Разумеется, Шинтаро переоделся первым и ждал на улице перед домом, расчехляя своё оборудование. Разумеется, Такао копался дольше каких-либо разумных пределов, появился на пороге растрёпанный, в незастёгнутой оранжевой куртке, со всклокоченными волосами и растерянным взглядом.
- Шин-чан, случилось страшное, – проговорил он, заглянув в глаза Мидориме. – Я, кажется, потерял палку.
- Какую палку? – нахмурился Шинтаро.
- Горнолыжную, – пояснил тот. – Должно быть, я забыл её в поезде.
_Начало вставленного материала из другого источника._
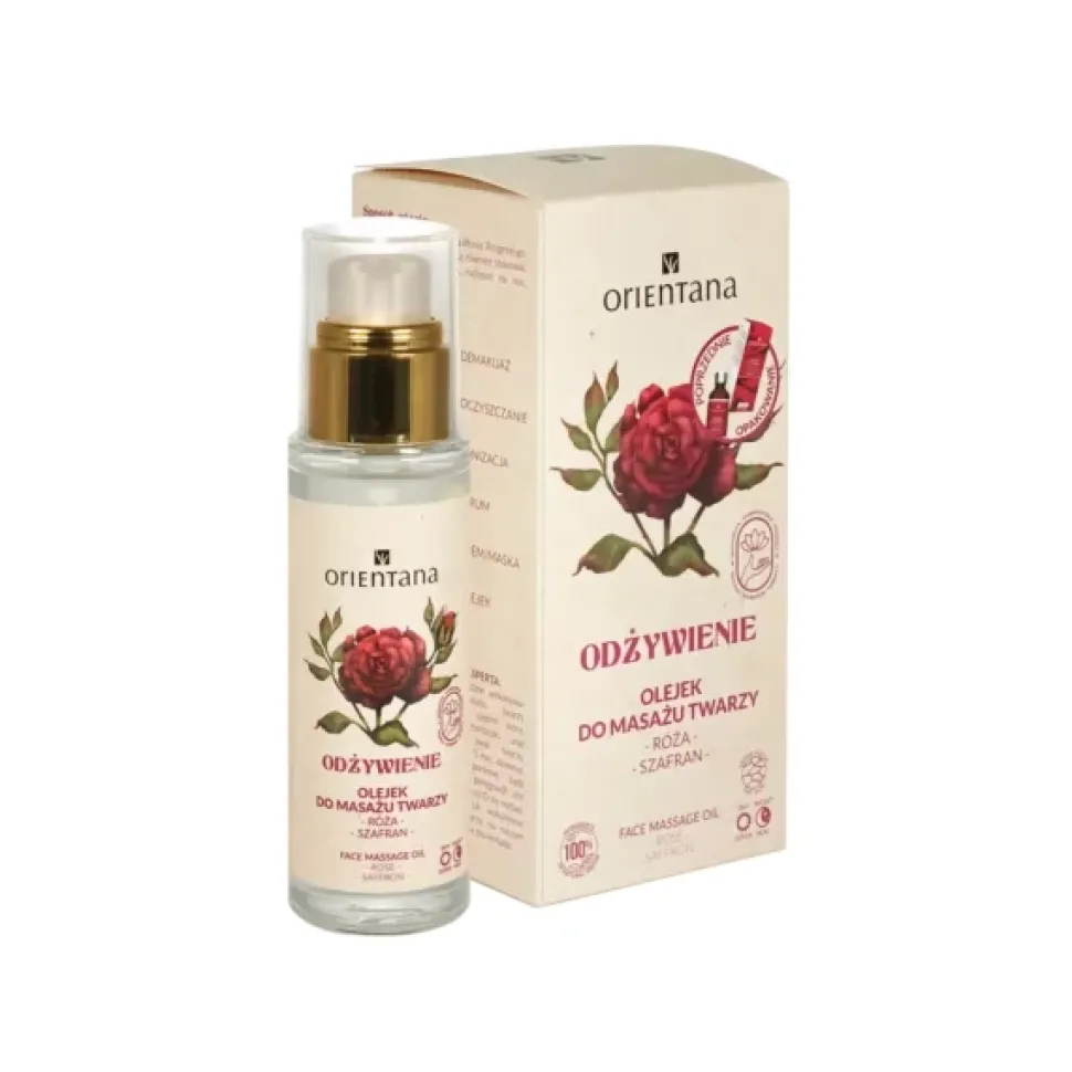 Olejek z róży to bogate źródło nienasyconych kwasów tłuszczowych, które odżywiają skórę i utrzymują jej optymalne nawilżenie. Charakteryzuje się dużą zawartością witaminy A, która intensywnie i naturalnie regeneruje skórę. Szafran to jeden z najsilniejszych antyutleniaczy od tysięcy lat zanany w Azji jako środek przeciwko starzeniu neutralizujący działanie wolnych rodników, a wszystko dzięki zawartych w nim dwóch aktywnych środków: safranalu i krocynie.
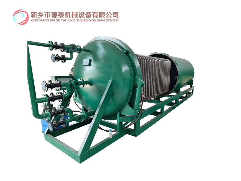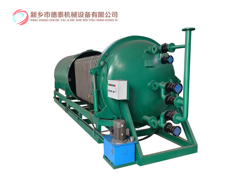 將待濾液通過泵輸入到過濾機(jī)內(nèi)部并打滿,當(dāng)濾液在過濾機(jī)內(nèi)部和攪拌罐之間循環(huán)一段時間后,雜質(zhì)在濾板表面形成濾餅層,液體開始變清,這時候開始進(jìn)行過濾。隨著過濾量的增加,濾餅厚度增加,罐內(nèi)壓力升高,當(dāng)壓力達(dá)到0.45MPa,停止進(jìn)液,關(guān)泵,打開空氣閥門,開始采用空氣或者蒸汽進(jìn)行吹餅,餅吹干以后關(guān)閉進(jìn)氣閥門,當(dāng)罐內(nèi)壓力為零時,啟動液壓裝置,打開封頭,使筒體拉出,開啟振動體振動卸渣,卸渣完畢,關(guān)閉液壓開關(guān),筒體復(fù)位,進(jìn)行下輪過濾;對于粘度較大的濾餅,需要人工進(jìn)行清渣。
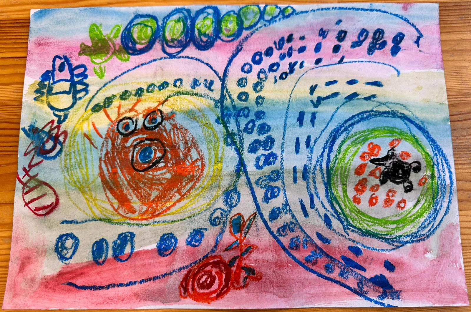 Zīmējumā redzamas zivtiņas, bruņurupucīši un ūdens burbulīši.
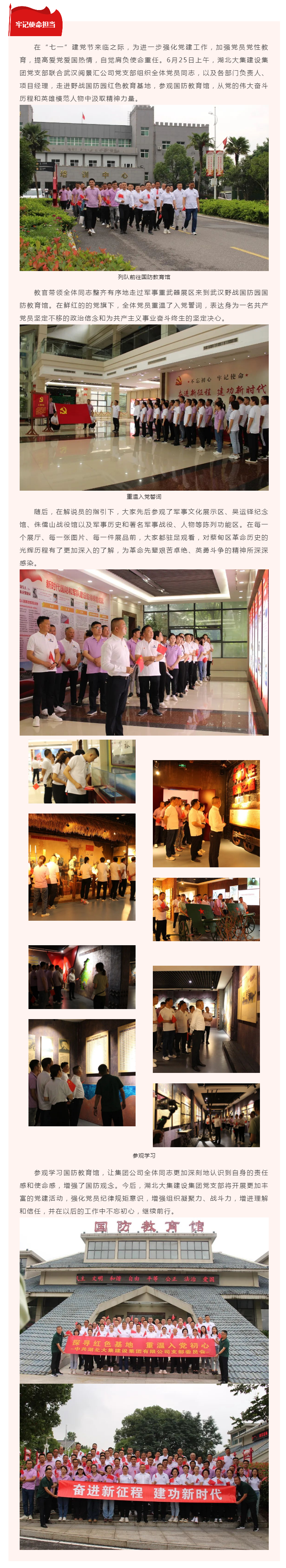黨史學(xué)習(xí)教育|湖北大集建設(shè)集團(tuán)黨支部赴野戰(zhàn)國防園參觀學(xué)習(xí)

- Именно поэтому лыжное оборудование возят в чехлах, разумеется, – Мидорима нервно поправил очки.
- Да-да, я неорганизованный болван, знаю, – покивал Такао. – Только что же теперь делать? Без палки какое ж катание?
Мидорима молчал, замерев монументом. Он, конечно, знал, что надо было делать. Он ведь знал, что та самая палка Такао всё ещё пылится на чердаке среди старой «рухляди». Он ведь вернул её сюда несколько лет назад, после того как в очередной раз решил, что ничто больше не должно в его жизни напоминать про Такао. Вот только… Отмахнувшись от растерянного взгляда Такао, Шинтаро уверенным шагом поднялся на чердак, безошибочно нашёл нужную коробку, выудил оттуда палку и снова спустился вниз.
- Ух ты! – восхитился Такао, разглядывая идеально подходившую к его единственной оставшейся палке пару. – Но когда вы успели её забрать? – Он внимательно посмотрел на Мидориму. – Мы ведь выходили из поезда вместе, и ничего кроме портфеля у вас не было. Я не видел, чтобы вы возвращались в поезд.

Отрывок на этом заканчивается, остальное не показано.